2023 journal article
Overexpression of the HcPT1.1 transporter in Hebeloma cylindrosporum alters the phosphorus accumulation of Pinus pinaster and the distribution of HcPT2 in ectomycorrhizae
FRONTIERS IN PLANT SCIENCE, 14.
Ectomycorrhizal (ECM) fungi are associated with the roots of woody plants in temperate and boreal forests and help them to acquire water and nutrients, particularly phosphorus (P). However, the molecular mechanisms responsible for the transfer of P from the fungus to the plant in ectomycorrhizae are still poorly understood. In the model association between the ECM fungus Hebeloma cylindrosporum and its host plant Pinus pinaster, we have shown that the fungus, which possesses three H+:Pi symporters (HcPT1.1, HcPT1.2 and HcPT2), expresses mainly HcPT1.1 and HcPT2 in the extraradical and intraradical hyphae of ectomycorrhizae to transport P from the soil to colonized roots.
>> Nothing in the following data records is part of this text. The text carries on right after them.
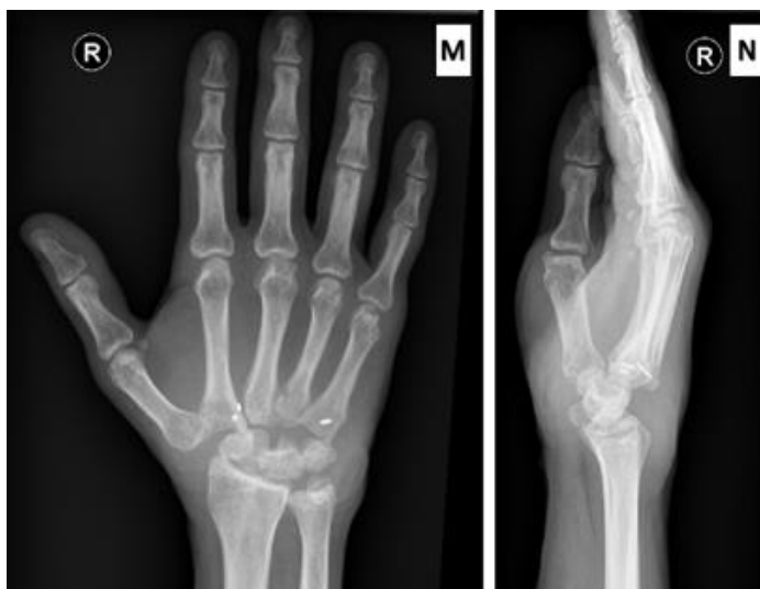
Figure 6: Six months post-surgery showcasing patients wrist (M) the PA projection and (N) the lateral projection.
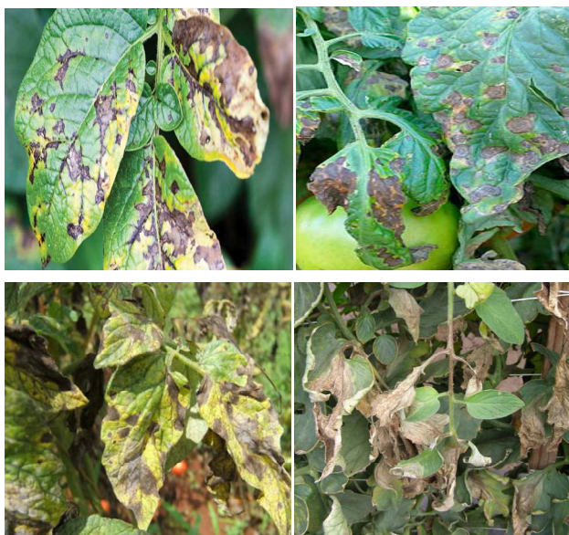
Figure 1. Foliar symptoms of tomato early blight.

Premature loss of lower leaves is the most obvious symptom of the disease [4]. Infected leaves show brown to black spots (lesions) up to 1/2 inch diameter with dark edges and have a pattern of concentric rings resulting in the “target” appearance to the spot suggested by the common name (Figure 1) [5]. Later, spots frequently merge forming irregular blotches [6]. Defoliation progresses upward from the lower plant and infected leaves eventually turn brown and drop from the plant exposing the fruits to sun scald (Figure 2) [7]. Dark lesions on the stems start off small and slightly sunken. As they get larger, they elongate and you will start to see concentric markings like the spots on the leaves (Figure 3) [8]. Spots that form near ground level can cause some girdling of the stem or collar rot. Plants may survive, but they will not thrive or produce many tomatoes [9]. Early blight generally attacks older plants, but it can also occur on seedlings. If early blight gets on the seedlings, affected seedlings will have dark spots on their leaves and stems [10, 11].
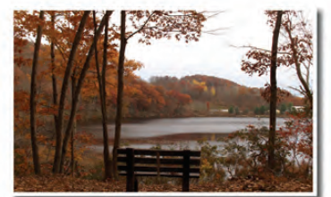
LANTERN HILL POND

ENJOY THE VIEW FROM LANTERN HILL Follow a steep climbing trail and be rewarded with a beautiful view. Lantern Hill has been referenced back to 1653, suggesting its importance as a signaling or gathering place first to Native People, later to the English. There is also archaeological evidence indicating the presence of Native People as far back as 10,000 years ago. Elevation: 491' above sea level.
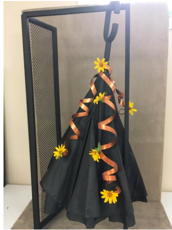
Left: April Showers Lower Left: Summer Time Lower Middle: Winter "snowing" Lower Right: Tornado
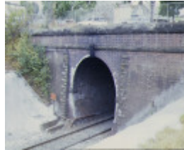
1 railway tunnel geelong colac line geelong front view apr1997

The present study focuses on the role of the HcPT1.1 protein in plant P nutrition, in function of P availability. We artificially overexpressed this P transporter by fungal Agrotransformation and investigated the effect of the different lines, wild-type and transformed ones, on plant P accumulation, the distribution of HcPT1.1 and HcPT2 proteins in ectomycorrhizae by immunolocalization, and 32P efflux in an experimental system mimicking intraradical hyphae. Surprisingly, we showed that plants interacting with transgenic fungal lines overexpressing HcPT1.1 did not accumulate more P in their shoots than plants colonized with the control ones. Although the overexpression of HcPT1.1 did not affect the expression levels of the other two P transporters in pure cultures, it induced a strong reduction in HcPT2 proteins in ectomycorrhizae, particularly in intraradical hyphae, but still improved the P status of host plant shoots compared with non-mycorrhizal plants. Finally, 32P efflux from hyphae was higher in lines overexpressing HcPT1.1 than in the control ones. These results suggest that a tight regulation and/or a functional redundancy between the H+:Pi symporters of H. cylindrosporum might exist to ensure a sustainable P delivery to P. pinaster roots.